TITLE: Constructing diversity profiles with Hill numbers
DATE: 2019-12-05
AUTHOR: John L. Godlee
====================================================================


Hill numbers represent a shared form of diversity indices. The order
(q) of a Hill number determines its sensitivity to rare vs. abundant
species, by modifying how the weighted mean of the species
proportional abundances is calculated. Common diversity indices are
special cases of Hill numbers:

  q   Diversity index
  --- ---------------------------
  0   Species richness
  1   Exponential Shannon index
  2   Inverse Simpsons index

Hill numbers show the “effective number of species”. That is, the
number of equally abundant species needed to produce the observed
value of diversity. Compared to traditional diversity indices, the
relationship between Hill numbers and diversity is geometric. If you
double the number of species present with the same abundance, the
value of the Hill number will also double.
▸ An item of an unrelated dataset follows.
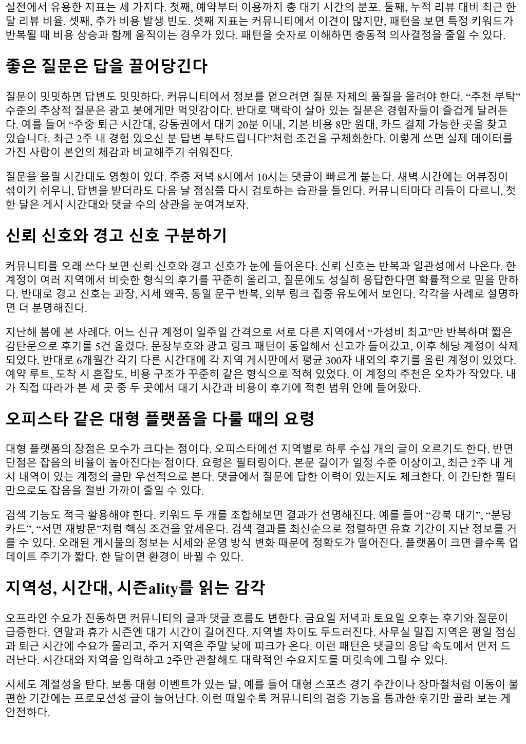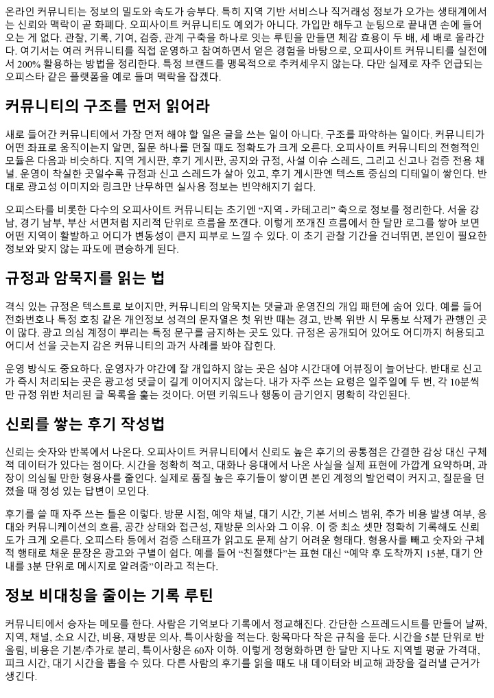 실전에서유용한지표는세가지다. 첫째, 예약부터이용까지총대기시간의분포. 둘째, 누적리뷰대비최근한 달리뷰비율. 셋째, 추가비용발생빈도. 셋째지표는커뮤니티에서이견이많지만, 패턴을보면특정키워드가 반복될때비용상승과함께움직이는경우가있다. 패턴을숫자로이해하면충동적의사결정을줄일수있다. 좋은질문은답을끌어당긴다 질문이밋밋하면답변도밋밋하다. 커뮤니티에서정보를얻으려면질문자체의품질을올려야한다. “추천부탁” 수준의추상적질문은광고봇에게만먹잇감이다. 반대로맥락이살아있는질문은경험자들이즐겁게달려든 다. 예를들어 “주중퇴근시간대, 강동권에서대기 20분이내, 기본비용 8만원대, 카드결제가능한곳을찾고 있습니다. 최근 2주내경험있으신분답변부탁드립니다”처럼조건을구체화한다. 이렇게쓰면실제데이터를 가진사람이본인의체감과비교해주기쉬워진다. 질문을올릴시간대도영향이있다. 주중저녁 8시에서 10시는댓글이빠르게붙는다. 새벽시간에는어뷰징이 섞이기쉬우니, 답변을받더라도다음날점심쯤다시검토하는습관을들인다. 커뮤니티마다리듬이다르니, 첫 한달은게시시간대와댓글수의상관을눈여겨보자. 신뢰신호와경고신호구분하기 커뮤니티를오래쓰다보면신뢰신호와경고신호가눈에들어온다. 신뢰신호는반복과일관성에서나온다. 한 계정이여러지역에서비슷한형식의후기를꾸준히올리고, 질문에도성실히응답한다면확률적으로믿을만하 다. 반대로경고신호는과장, 시세왜곡, 동일문구반복, 외부링크집중유도에서보인다. 각각을사례로설명하 면더분명해진다. 지난해봄에본사례다. 어느신규계정이일주일간격으로서로다른지역에서 “가성비최고”만반복하며짧은 감탄문으로후기를 5건올렸다. 문장부호와광고링크패턴이동일해서신고가들어갔고, 이후해당계정이삭제 되었다. 반대로 6개월간각기다른시간대에각지역게시판에서평균 300자내외의후기를올린계정이있었다. 예약루트, 도착시혼잡도, 비용구조가꾸준히같은형식으로적혀있었다. 이계정의추천은오차가작았다. 내 가직접따라가본세곳중두곳에서대기시간과비용이후기에적힌범위안에들어왔다. 오피스타같은대형플랫폼을다룰때의요령 대형플랫폼의장점은모수가크다는점이다. 오피스타에선지역별로하루수십개의글이오르기도한다. 반면 단점은잡음의비율이높아진다는점이다. 요령은필터링이다. 본문길이가일정수준이상이고, 최근 2주내게 시내역이있는계정의글만우선적으로본다. 댓글에서질문에답한이력이있는지도체크한다. 이간단한필터 만으로도잡음을절반가까이줄일수있다. 검색기능도적극활용해야한다. 키워드두개를조합해보면결과가선명해진다. 예를들어 “강북대기”, “분당 카드”, “서면재방문”처럼핵심조건을앞세운다. 검색결과를최신순으로정렬하면유효기간이지난정보를거 를수있다. 오래된게시물의정보는시세와운영방식변화때문에정확도가떨어진다. 플랫폼이크면클수록업 데이트주기가짧다. 한달이면환경이바뀔수있다. 지역성, 시간대, 시즌ality를읽는감각 오프라인수요가진동하면커뮤니티의글과댓글흐름도변한다. 금요일저녁과토요일오후는후기와질문이 급증한다. 연말과휴가시즌엔대기시간이길어진다. 지역별차이도두드러진다. 사무실밀집지역은평일점심 과퇴근시간에수요가몰리고, 주거지역은주말낮에피크가온다. 이런패턴은댓글의응답속도에서먼저드 러난다. 시간대와지역을입력하고 2주만관찰해도대략적인수요지도를머릿속에그릴수있다. 시세도계절성을탄다. 보통대형이벤트가있는달, 예를들어대형스포츠경기주간이나장마철처럼이동이불 편한기간에는프로모션성글이늘어난다. 이런때일수록커뮤니티의검증기능을통과한후기만골라보는게 안전하다.

To investigate the contributions of rare and abundant species in a
community it is sometimes desirable to plot a diversity profile,
showing the value of diversity calculated along a continuum of the
order q. I wrote some R functions to do this easily.

    # Load data
    library(vegan)
    data(BCI)
    ##' A species (columns) by site (rows) matrix of abundance values

    # Calculate diversity for any order q
    qd <- function(data, q = 1){ 
        # Convert to matrix
        data <- drop(as.matrix(data))

        # get relative abundance
        data <- sweep(data, 1, apply(data, 1, sum), "/")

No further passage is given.